Recently, Congress decided that sales-tax deductions should be a tax break that you are allotted permanently. However, it’s often forgotten about, and underutilized. As a taxpayer, if you chose to itemize your deductions on a Form 1040, you can do one of two options. You can either:
- Deduct state and local income taxes, or;
- Deduct state and local sales tax
You can’t deduct both, so you are required to choose. In states where there is no state income tax, such as Florida, Texas, Washington, Nevada, South Dakota, and Wyoming, this deduction can be especially beneficial. Tennessee applies taxes on dividends and interest only, meaning that wages or earning are not taxed. Alaska and New Hampshire also doesn’t apply income tax to earnings, and sales tax is not levied.

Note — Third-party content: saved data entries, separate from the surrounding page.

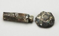 镶嵌绿松石6粒,缺饰件6粒,通体为铜鎏金,中间枘头有一圈凸纹,枘头背面残缺,枘柄为木质,已脱水。 【详情】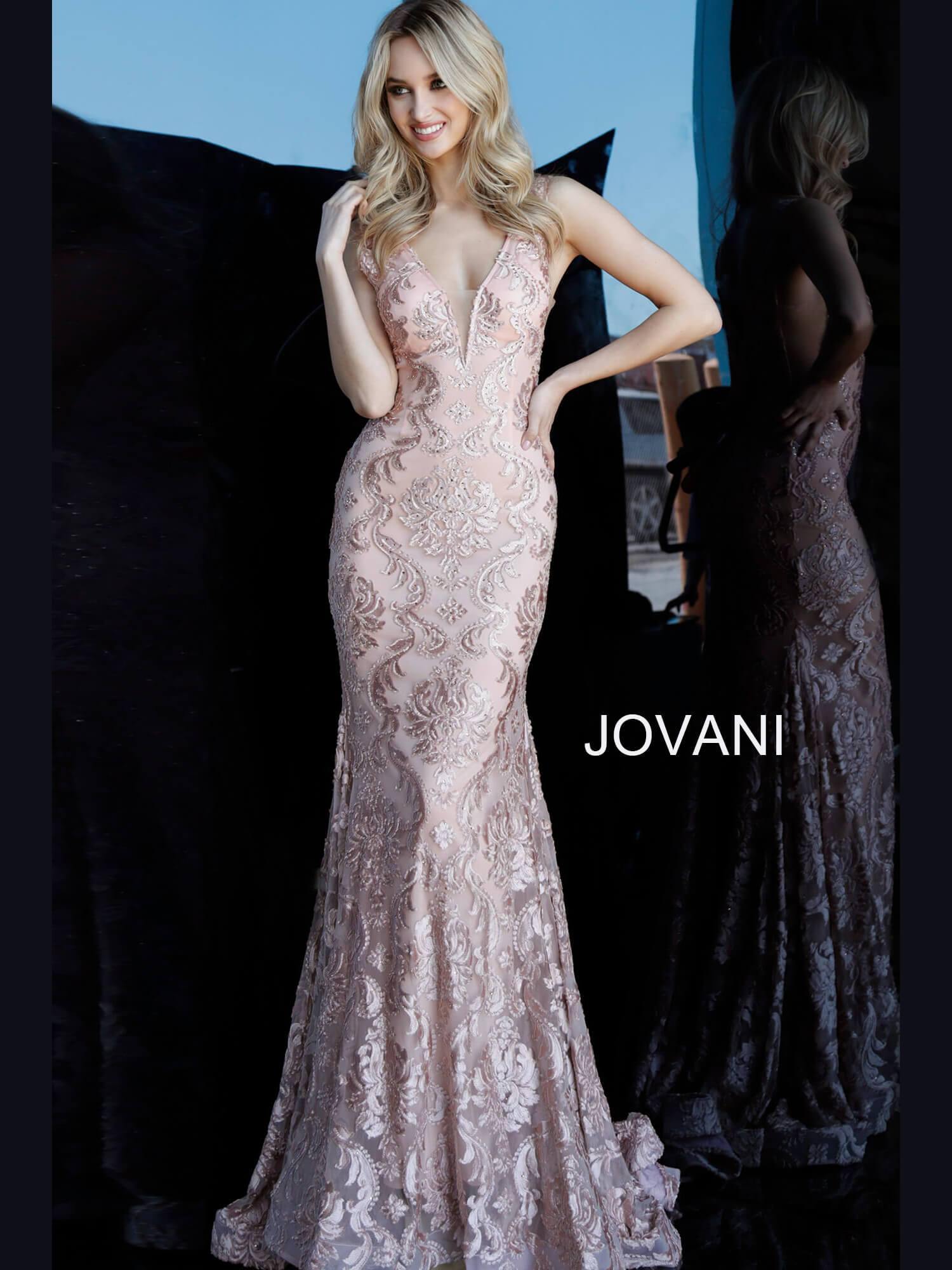 This gorgeous long dress features a sleeveless with a mesh insert plunging V-neckline and an open V-back. Fitted dress in beaded lace embroidery and side and back godets flow into a horsehair hem and sweep train. This dress if perfect for formal, evening party or any special occasion.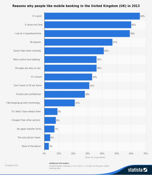 Just why have Britons taken to mobile banking so readily? The main reason is undoubtedly the convenience – it’s quick, saves time, it can be done anywhere and there are no queues. It’s no coincidence those were the top answers in a 2013 poll by Statista, which found that 66% of respondents stated “it’s quick” and 60% said “it saves me time”.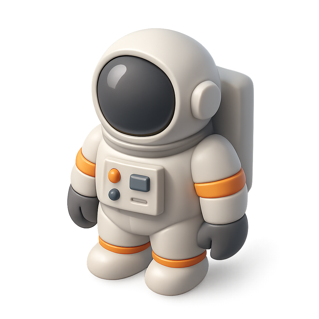 A stylized 3D astronaut icon featuring a spacesuit design with a transparent background. The icon showcases a three-quarter view, emphasizing its volumetric and isometric qualities.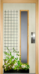 Obdélníkové dlouhé skleněné výplně na straně kliky orámované dřevěnými lištami, s mřížkou na popínavé rostliny a květinovým záhonem (prázdným).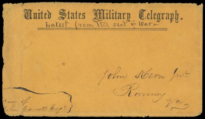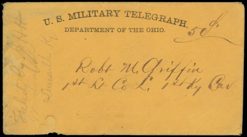 U.S. Military Telegraph, Department of the Ohio. Circa Feb. 1862 orange imprint cover with "50¢" rating addressed to Robt. M. Griffin, 1st Lt. Co. L., 1st Ky Cav., pencil "Filed by AHH, Louisville Ky." at left, F.-V.F.,ex-Kramer. Estimate; $100 - 150.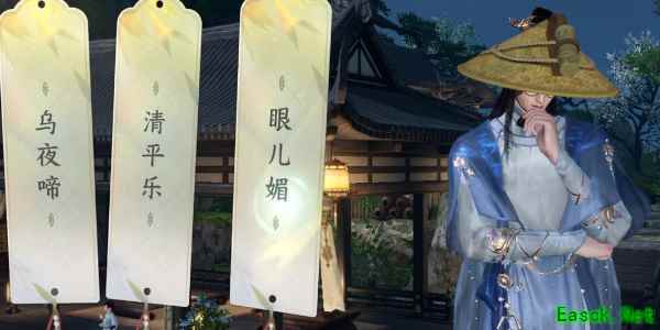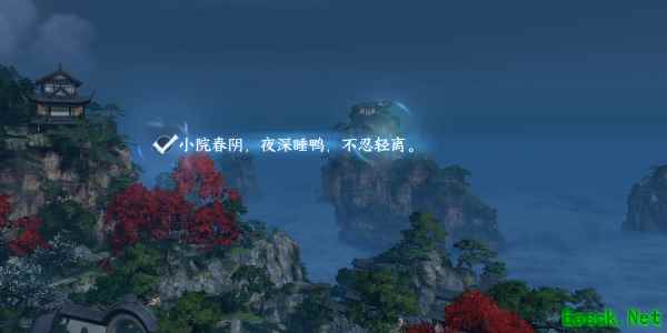 《逆水寒手游》三清山自在门词语攻略探寻步骤: 1、玩家来到三清山导道观内自在门附近(1120,790)找到地上的写词点,选择眼儿媚为词牌名创作词。

While this tax break is great for residents of the above listed states, it doesn’t mean that they are the only ones who can benefit. Taxpayers in other states can sometimes find that the sales-tax deduction is more valuable than deducting state income tax.
Calculating sales tax deductions can sometimes become complicated. You can use all your receipts and total the amount of sales tax you paid throughout the year, but if you haven’t saved your receipts, you may still be able to claim the deduction. The IRS has a special Sales Tax Deduction Calculator which can help you determine your deduction amount.